Intention without artifacts is just a mood. The artifacts are what make it operational — persistent across sessions, readable by anyone (or any AI agent) picking up the work, immune to the natural amnesia of building.

  • Northstars

    Every project starts with a single sentence that names what the project is for — not a feature list, not a value proposition, not a marketing tagline. A directional statement that survives changes within its scope — features shift, tactics shift, the Northstar holds. A whole-company pivot earns a new Northstar, built from everything the old one taught. You steer toward it; you never arrive at it.

    TradeTi.me's product Northstar, confirmed after several attempts that all felt slightly off: "Help anyone, anywhere, understand the rhythm of global markets at a glance in their local time." The wording matters. Earlier candidates were value-props dressed as Northstars — describing what the user gets, not what the world becomes. The test for a real Northstar is whether it lets you say no: any feature that doesn't make global market rhythm more legible in local time is out.

    The origin of TradeTi.me captures what a Northstar is actually for: "I made this project because I had a problem I didn't get solved any other way. I am the market research in that way — I'm the person who needs this. If I had the problem, others probably have it too." The Northstar formalizes that intuition into something durable enough to hand off.

  • Constitutions

    A Northstar is one sentence. A Constitution is the multi-section document that translates that sentence into operational guidance — specifications, decision rules, worked examples of what fits and what doesn't. It is written primarily for AI agents, which re-read it on every turn and need precision rather than poetry. But it also orients any human who picks up the project months later.

    The distinction matters: the Northstar stays still; the Constitution evolves with the product. Confusing them produces either rigid projects (the Northstar becomes a detailed spec that can't adapt) or directionless projects (the Constitution gets treated as the anchor, no operational guidance drifts). The wiki is the context — the body of work the AI reads from. The Constitution is separate: a file the AI re-reads on every turn, covering ingest procedures, voice discipline, sub-agent rules. It wasn't designed as a Constitution; it became one through use.

  • Decisions with reasoning

    Every load-bearing decision gets logged with the alternatives considered and why this one won. Not just the outcome — the reasoning. The reasoning evaporates faster than the choice. Six months later, the choice is in the code; the reasoning that produced it is gone unless it was captured.

    TradeTi.me's decisions log includes the confirmed Northstar wording, the decision to scope the morning momentum window to NYSE and NASDAQ only (and why not Tokyo, Hong Kong, or Seoul — different microstructure, different rules), the call to formalize the wiki's instructions file as a Constitution in its own right. Each entry names alternatives considered, why this path won, and what would reopen the decision. The log is an append-only record of closed epistemic states.

  • Questions

    Fundamental questions get tracked separately from decisions. They outlive methods. A question like "what does it mean for global market rhythm to be universally legible?" is not a task to close — it is a standing interrogation that shapes every design choice. Settling a question moves it to the decisions log; the questions list is what's still open.

    The discipline is the distinction: decisions are closed epistemic states; questions are open ones. Mixing them produces a log full of pseudo-decisions that get relitigated constantly, because the question underneath was never actually engaged.

  • The wiki

    A personal LLM wiki — the pattern Andrej Karpathy published in April 2026, where the AI maintains a structured, interlinked collection of markdown files alongside you. "Obsidian is the IDE; the LLM is the programmer; the wiki is the codebase." Not Wikipedia (collaborative, public); not RAG (re-derived on every query). The AI builds it incrementally as you work — every concept gets a page, every decision gets logged, every cross-reference gets made. When I encounter the same problem twice, I write a page; on the third encounter, the page is already there.
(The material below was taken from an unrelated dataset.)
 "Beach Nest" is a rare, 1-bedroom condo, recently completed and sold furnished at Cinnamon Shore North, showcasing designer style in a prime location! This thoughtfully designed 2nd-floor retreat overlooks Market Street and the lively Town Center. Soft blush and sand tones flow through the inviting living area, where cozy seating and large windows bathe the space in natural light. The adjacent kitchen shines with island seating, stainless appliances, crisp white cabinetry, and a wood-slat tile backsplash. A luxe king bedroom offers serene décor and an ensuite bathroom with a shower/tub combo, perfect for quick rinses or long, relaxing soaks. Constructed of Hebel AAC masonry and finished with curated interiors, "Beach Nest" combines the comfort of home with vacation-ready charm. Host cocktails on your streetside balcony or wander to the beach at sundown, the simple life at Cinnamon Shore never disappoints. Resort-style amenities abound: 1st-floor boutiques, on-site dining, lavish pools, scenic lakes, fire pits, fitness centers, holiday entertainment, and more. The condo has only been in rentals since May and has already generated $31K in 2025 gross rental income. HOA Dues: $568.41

    Every wiki page carries a version number in its frontmatter — an integer, bumped on every edit. The current Northstar page is at v5; the TradeTi.me project page is at v21. When you can see that a page has been touched twenty-one times, you read it differently. You know it has been argued with, corrected, and refined across real work. The version number is a trust signal, not a formality.

    The rule is mechanical: every edit bumps the integer, updates the date. Sub-30-second discipline. It compounds into something useful: a record of which pages are live and working, which are stubs, and which have accumulated enough iteration to be trusted.
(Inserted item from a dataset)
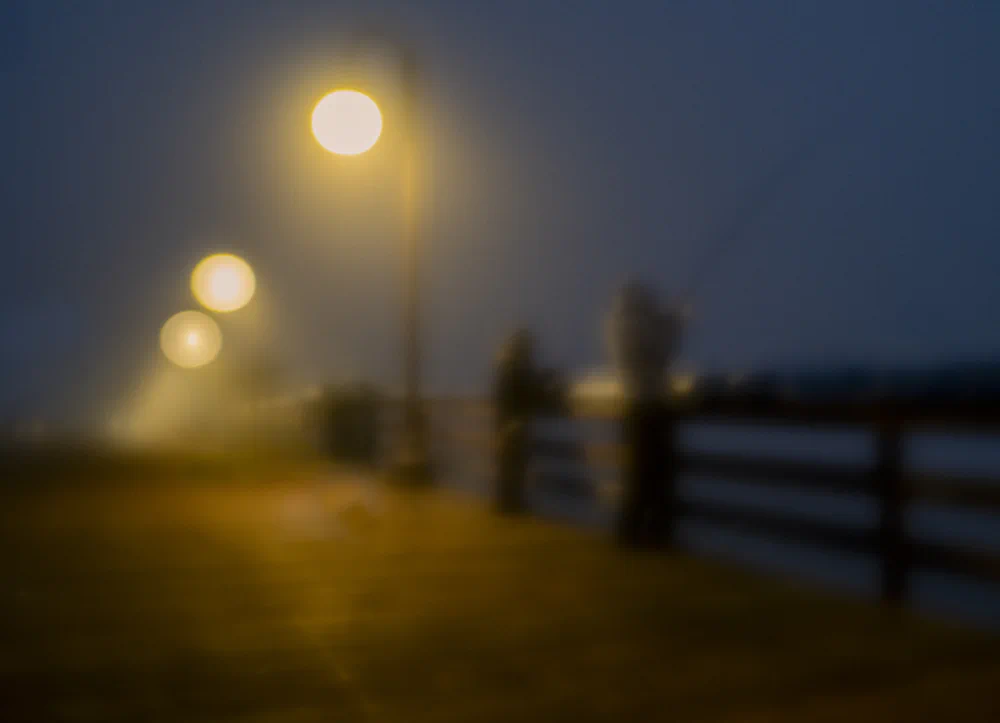 Color plays a central structural role in the work, particularly the dialogue between yellow and blue. Yellow appears as a diffused warmth, the glow of streetlights in mist, the fading trace of sunset, or the trembling reflection of light on water. It suggests invitation, vulnerability, and the delicate warmth of human connection. Blue, by contrast, introduces distance and quietude through fog, early morning light, and open expanses of water or sky. Together, these two colors establish a visual rhythm between warmth and solitude, familiarity and uncertainty.

  • Standard Operating Procedures

    Recurring multi-step operations get written down. Not because the steps are complicated, but because humans skip steps under load, and AI agents drift toward training-data defaults without explicit constraints. A pre-commit checklist runs before every git commit on TradeTi.me's code repo. A reply-quality checklist runs before every marketing reply gets shipped. Both went through multiple same-day iterations when running them surfaced failure modes the first draft didn't catch.

    The iteration discipline is the point: an SOP that never changes is a dead document. Every failure that wasn't caught by an existing gate either adds a new gate or strengthens a weak one. The SOP is how accumulated learning persists across sessions and across the inevitable entropy of working fast.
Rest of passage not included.